3. International and regional bodies, such as ODIHR, the Council of Europe’ s ECRI, the United Nations’ CERD and, for the EU, the new Fundamental Rights Agency in Vienna, have a role to play and are in our view very crucial institutions to support these efforts.
4. Civil society, in particular organisations of members of minorities, have to participate in the process.
Muslims have been living in Europe for decades or even centuries. The most important prerequisite for a peaceful co-existence of different religious and ethnic groups is the participation of all citizens in all sectors of life on the basis of the protection of human rights and fundamental freedoms, including the freedom of expression.
There are many aspects in the fight against intolerance and discrimination. Let me just mention four:
1. Non-discrimination of religious communities and legal recognition: In Austria, Islam was granted official recognition already in 1912. Of course, we face similar challenges like many other Western countries as far as integration is concerned. But legal recognition of Islam and a clear legal basis have proven to be a good basis for constructive dialogue and problem-solving co-operation. I fully agree with Secretary General Amr Moussa that we must not accept the opinion of those, who say that the clash of civilisations is inevitable.

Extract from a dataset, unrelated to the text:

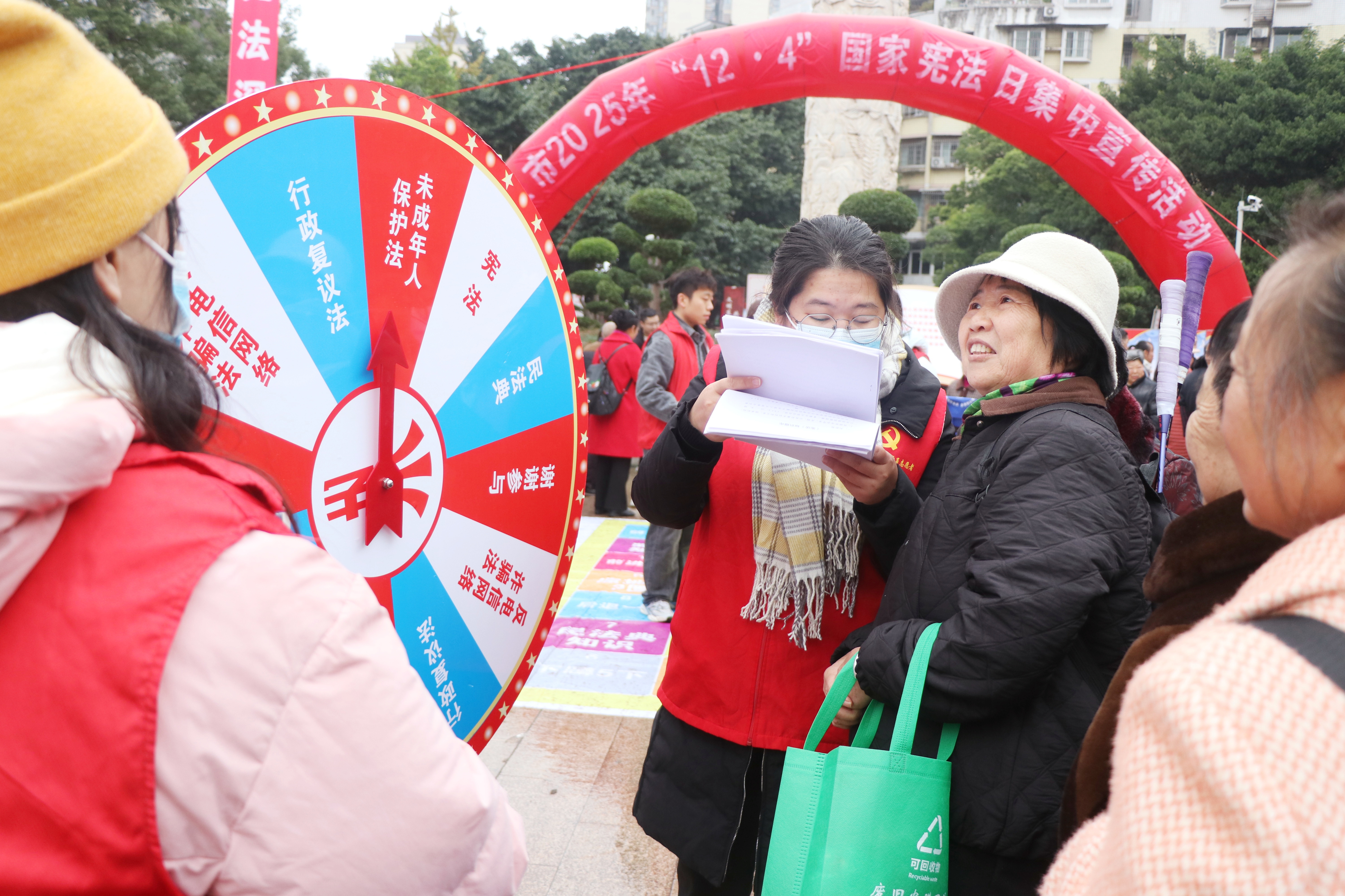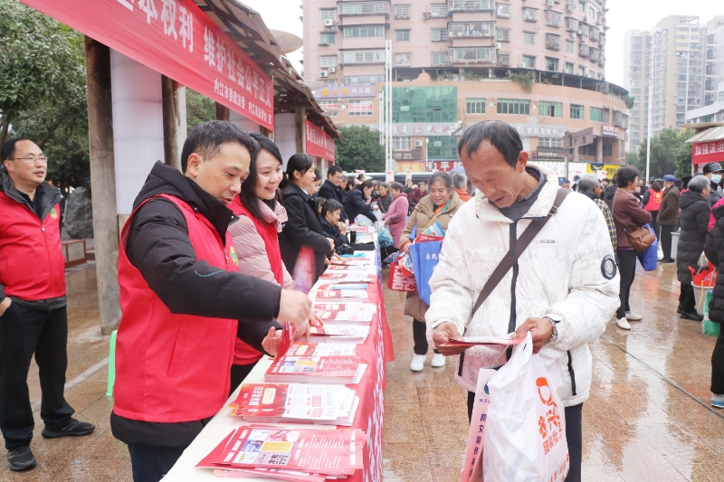 为弘扬宪法精神,营造尊法学法守法用法浓厚氛围,12月4日,内江市、东兴区市区联动,在东兴区和平桥广场开展2025年“12.4”国家宪法日暨宪法宣传周集中宣传活动。内江市级政法单位及东兴区有关单位、人民团体等30余个单位(部门)参加宣传。

2. Education and awareness-raising on all levels of our societies is of the highest importance in order to eliminate stereotypes and prejudices which nourish racism, intolerance and discrimination.
3. We must offer an economic perspective to all members of society. Too many young people with migration and/or Muslim background in our countries suffer from unemployment, too little prospect for economic independence and social advancement. We have to take the right measures to avoid an identity vacuum. The search for identity as a community but also for a European identity is difficult; we must help them. And let me just say in response to Prof. Ansari that reservations that might exist in relation to the adhesion of Turkey to the EU in many countries including my own are not motivated by ideological or religious considerations.
4. We must elaborate concrete projects on the regional, but above all on the local level. We have to develop concrete projects that make people co-operate, work together and commonly develop strategies for conflict resolution and co-existence. Theological debates and intellectual discourse are important. But equally we have to create a viable framework of interaction of everyday life and make pluralism work in schools, in communities etc. For example, we have to support Muslim educational institutions. Establishing faculties of Islamic theology, as well as Imam training programmes at European universities and teacher training colleges might further facilitate the prospect of engaging in a fruitful dialogue. Austria has implemented and developed a number of strategies such as a University masters programme on Islamic religious pedagogy.
Austria, together with the representatives of the Islamic Community, has initiated and supported Conferences of European Imams, the latest in 2006. Declarations adopted by these conferences have inter alia taken a clear position with regard to the necessity to develop a "Muslim European identity" and have confirmed the compatibility of Islam, democracy, rule of law and fundamental freedoms.
Austria remains committed to contribute further within and outside the OSCE in this field. We must not be discouraged. We must continue to plant the seeds for more tolerance and mutual understanding.